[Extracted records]
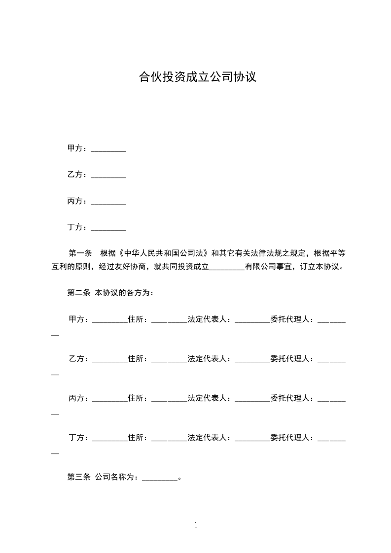 第一条 根据《中华人民共和国公司法》和其它有关法律法规之规定,根据平等互利的原则,经过友好协商,就共同投资成立_________有限公司事宜,订立本协议。
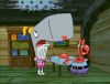 The Thing: After a freak bicycling accident, Squidward is coated in so much mud, leaves, branches and gunk to make him totally unrecognizable. The residents of Bikini Bottom think that Squidward is some sort of monster come to terrorize the town. But SpongeBob thinks he's kind of cute, so he adopts Squidward and tries to raise him as his pet. Hocus Pocus: After practicing all day with his brand new magic kit, SpongeBob tries to impress Squidward with his newfound abilities. Of course Squidward, being the ever reluctant participant, sneaks away without SpongeBob noticing. But what SpongeBob does catch is the ice-cream cone that was left in Squidward's place. Now SpongeBob is panicked and under the impression that he turned his neighbor into the frozen dessert.
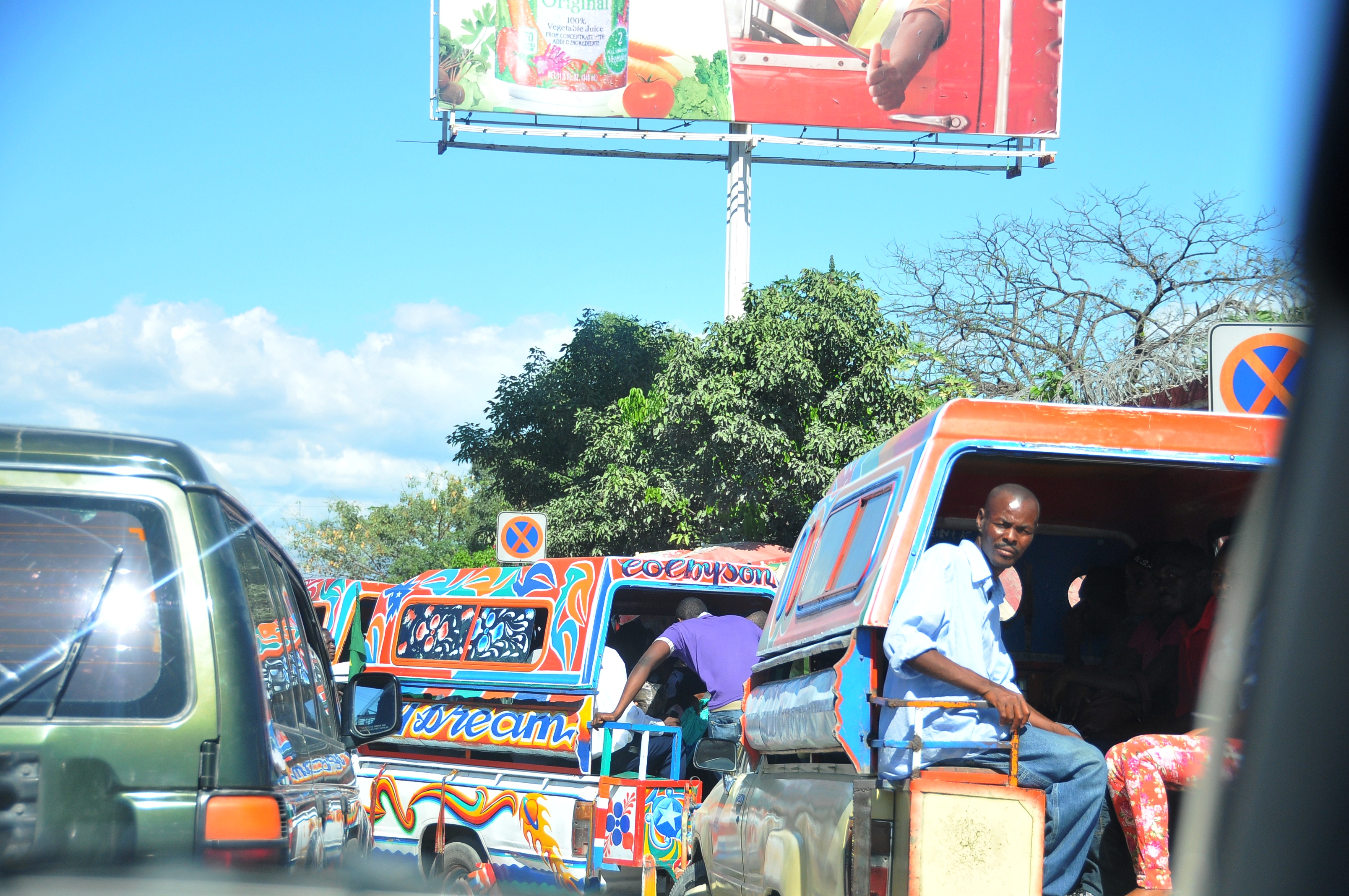 Now, let’s talk about blocked intersections. First of all, there’s only three traffic lights in the entire country of Haiti, as Justin likes to tell everybody. And we discovered another traffic light, when we were diverted from the main route. So now there’s four.
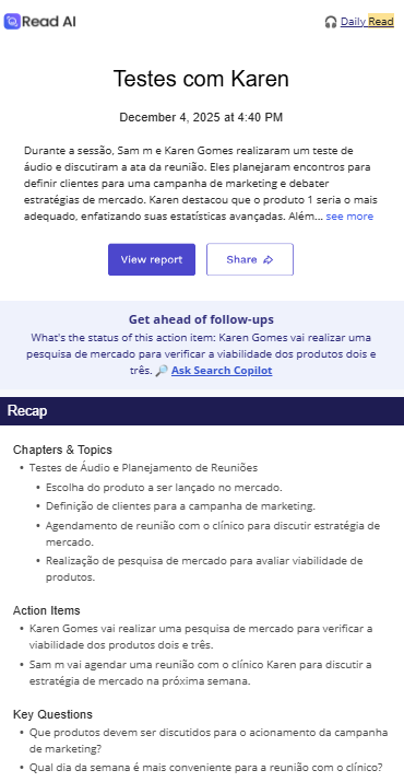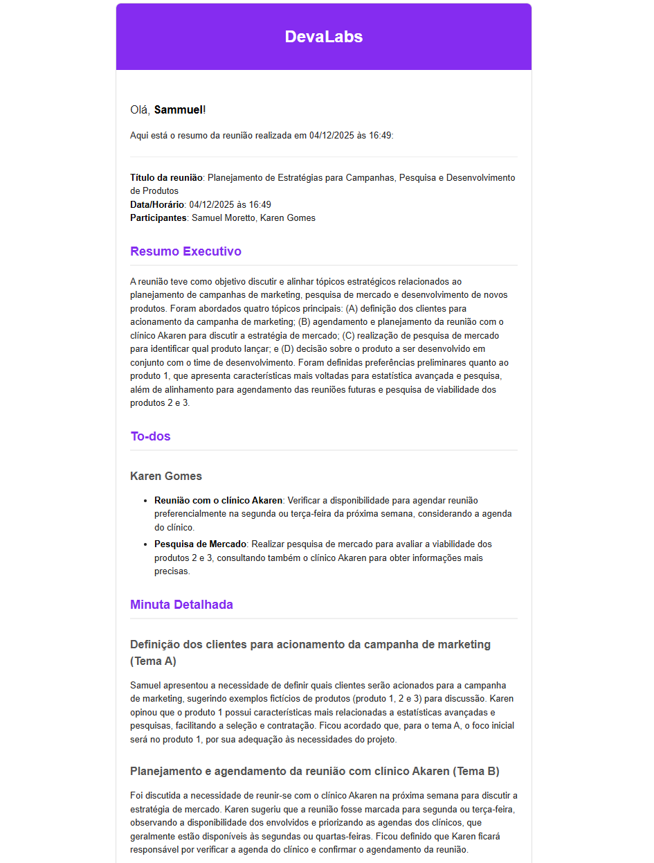 Receba por email em até 3 minutos: cabeçalho completo, to-dos por participante e tema, pontos de atenção, plano de ação e detalhes de cada tema.
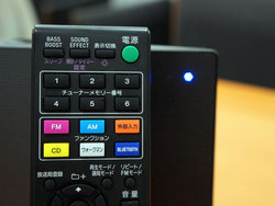 本体前面の右上にはLEDインジケーターを装備。FM時はピンク、Bluetooth時はブルーなどといった具合に、上記リモコンのファンクションボタンと同じ色にLEDが点灯する。
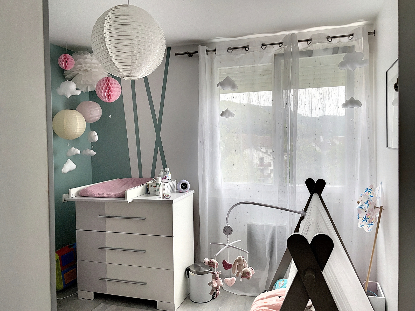 Une entrée avec placard, cellier (2.4 m² env avec arrivée et évacuation d'eau), cuisine équipée (11 m² env) avec accès loggia (4 m² env), ouverte sur salle à manger / salon (17 m² env) avec accès loggia (6 m² env), 3 chambres dont 2 avec espace de rangement (les 3 de 9 m² env), salle d'eau (4.7 m² env), wc.

Task goal -
Return every line above exactly, omitting images.

Response area -
 第一条 根据《中华人民共和国公司法》和其它有关法律法规之规定,根据平等互利的原则,经过友好协商,就共同投资成立_________有限公司事宜,订立本协议。
 The Thing: After a freak bicycling accident, Squidward is coated in so much mud, leaves, branches and gunk to make him totally unrecognizable. The residents of Bikini Bottom think that Squidward is some sort of monster come to terrorize the town. But SpongeBob thinks he's kind of cute, so he adopts Squidward and tries to raise him as his pet. Hocus Pocus: After practicing all day with his brand new magic kit, SpongeBob tries to impress Squidward with his newfound abilities. Of course Squidward, being the ever reluctant participant, sneaks away without SpongeBob noticing. But what SpongeBob does catch is the ice-cream cone that was left in Squidward's place. Now SpongeBob is panicked and under the impression that he turned his neighbor into the frozen dessert.
 Now, let’s talk about blocked intersections. First of all, there’s only three traffic lights in the entire country of Haiti, as Justin likes to tell everybody. And we discovered another traffic light, when we were diverted from the main route. So now there’s four.
 Receba por email em até 3 minutos: cabeçalho completo, to-dos por participante e tema, pontos de atenção, plano de ação e detalhes de cada tema.
 本体前面の右上にはLEDインジケーターを装備。FM時はピンク、Bluetooth時はブルーなどといった具合に、上記リモコンのファンクションボタンと同じ色にLEDが点灯する。
 Une entrée avec placard, cellier (2.4 m² env avec arrivée et évacuation d'eau), cuisine équipée (11 m² env) avec accès loggia (4 m² env), ouverte sur salle à manger / salon (17 m² env) avec accès loggia (6 m² env), 3 chambres dont 2 avec espace de rangement (les 3 de 9 m² env), salle d'eau (4.7 m² env), wc.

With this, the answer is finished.